Abu Jibril Keluar dari LP Salemba
Rabu, 27 Okt 2004 00:42 WIB
Jakarta - Abu Jibril menghirup udara bebas setelah keluar dari LP Salemba. Dia akan menikmati sahur bersama dengan rekan-rekan Majelis Mujahidin Indonesia (MMI).Dia ditahan 5 bulan 15 hari berdasarkan vonis Pengadilan Negeri Jakarta Pusat karena dianggap terbukti memberikan identitas palsu saat membuat paspor di kantor imigrasi KBRI Kuala Lumpur pada November 1999."Persisnya pukul 00.10 WIB Abu Jibril keluar dari LP Salemba. Dia dalam kondisi sehat dan merasa lega karena sudah bebas," kata pengacaranya Munarman saat dikonfirmasi detikcom puku 00.30 WIB, Rabu (27/10/2004).Dijelaskan dia, masa tahanan Abu Jibril memang sudah berakhir pada 26 Oktober 2004. Sehingga terhitung sejak pukul 00.00 WIB, 27 Oktober 2004, Abu Jibril sudah bisa dikeluarkan dari tahanan."Pengurusan surat-suratnya alhamdulillah lancar. Kita sudah urus dari tadi siang. Surat-surat sudah diteken, adminsitrasi sudah beres. Jadi dinihari ini fisiknya saja, semua berjalan lancar," tutur Munarman.Dia mengaku belum tahu persis apa yang akan dilakukan Abu Jibril setelah keluar dari tahanan. "Yang jelas sekarang kita sedang dalam perjalanan menuju markas MMI. Kita mau sahur bersama dan syukuran," ujarnya.Munarman memaparkan, Abu Jibril sudah 4 tahun mendekam di penjara. Antara lain selama 2 tahun di Malaysia karena dikenai UU Internal Security Act. Kemudian ditahan kembali selama 2 tahun di Malaysia karena pelanggaran imigrasi."Padahal Abu Jibril bukan masuk Malaysia secara ilegal. Dia punya permanent residence. Jadi alasan penahanannya tidak jelas. Tidak ada pelanggaran sebenarnya. Dia mengajukan permohonan tetap tinggal di Malaysia dikabulkan. Tapi kemudian pengadilan membatalkannya," urainya.Selanjutnya, sambung Munarman, Abu Jibril ditahan di LP Salemba Jakarta dengan pasal yang disebutnya sebagai pasal cantelan, yakni memberikan keterangan tidak sah saat membuat paspor di kantor imigrasi KBRI Kuala Lumpur pada November 1999."Padahal targetnya memang hanya ingin menahan Abu Jibril, alasannya dicari-cari.

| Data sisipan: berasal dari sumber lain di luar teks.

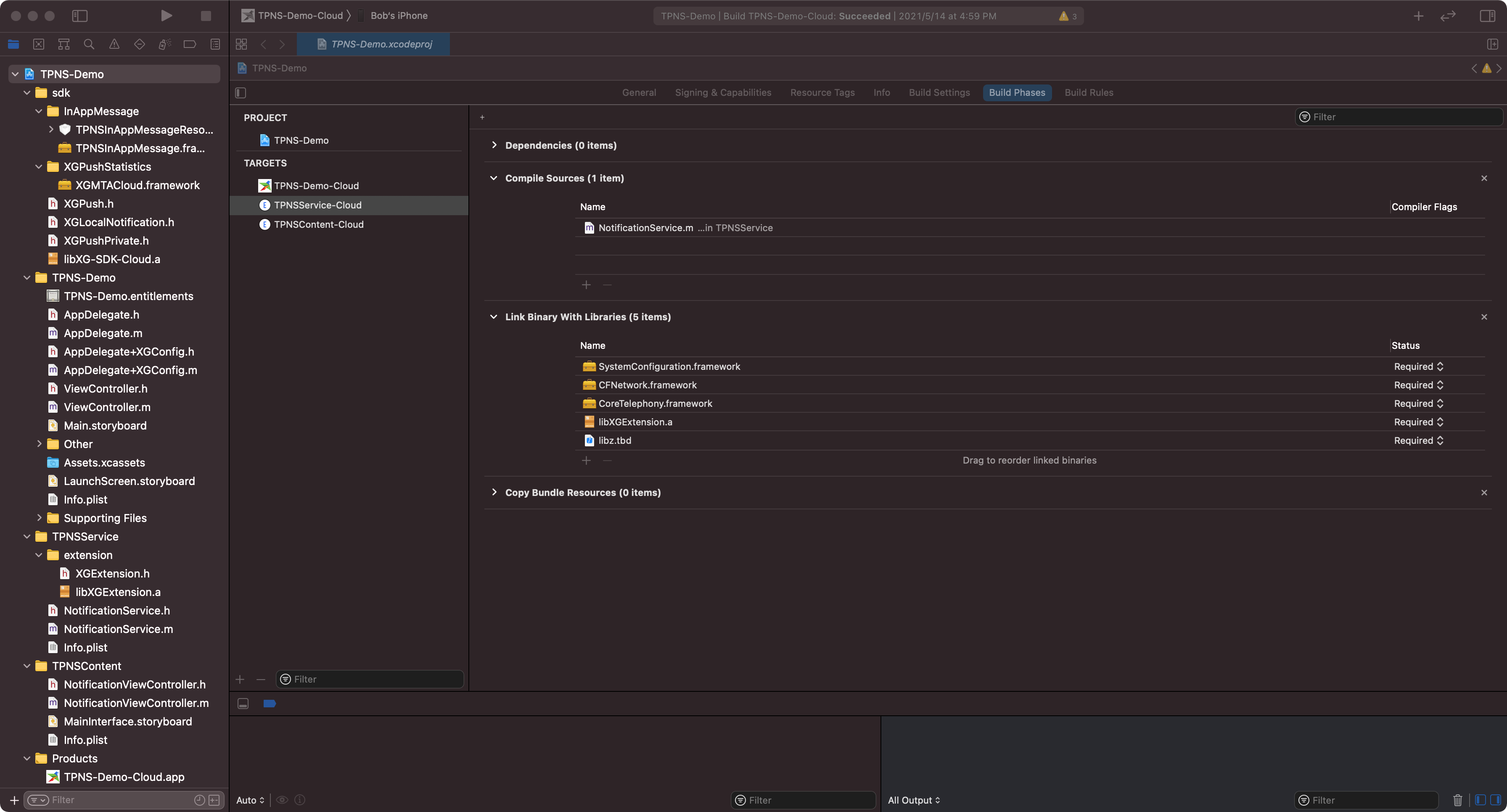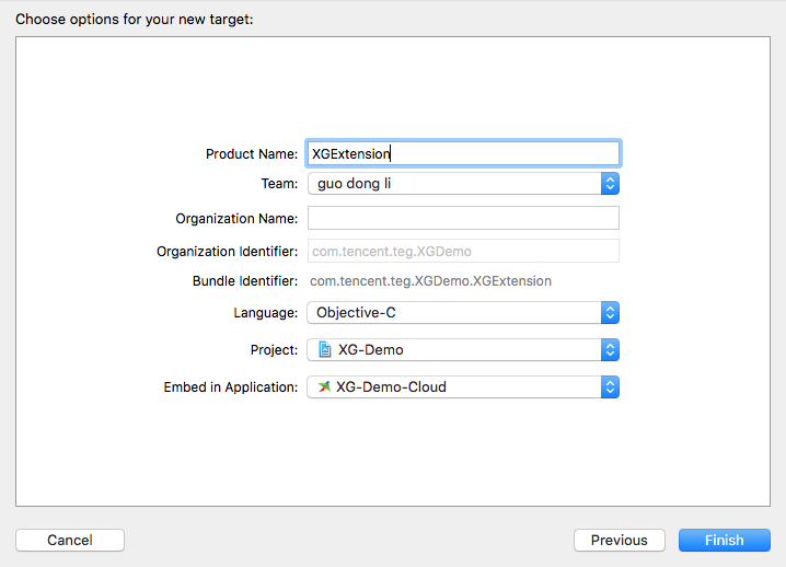 XGExtension.h 及 libXGExtension.a 文件。XGExtension.h及 libXGExtension.a 文件添加至通知扩展 Target:

Jaksa penuntutnya sendiri mengaku sempat ditelepon dari AS dan Australia yang keberatan dengan vonis terhadap Abu Jibril," ungkapnya.Dia pun tidak menutup kemungkinan Abu Jibril akan dicari-cari lagi kesalahannya untuk diseret kembali ke penjara. "AS dan Australia itu kan paranoid. Orang yang menganut paham politik, bukan perbuatan, khususnya jihad, targetnya ya ditangkap. Tapi kita sudah siap dengan kemungkinan itu," tandas Munarman.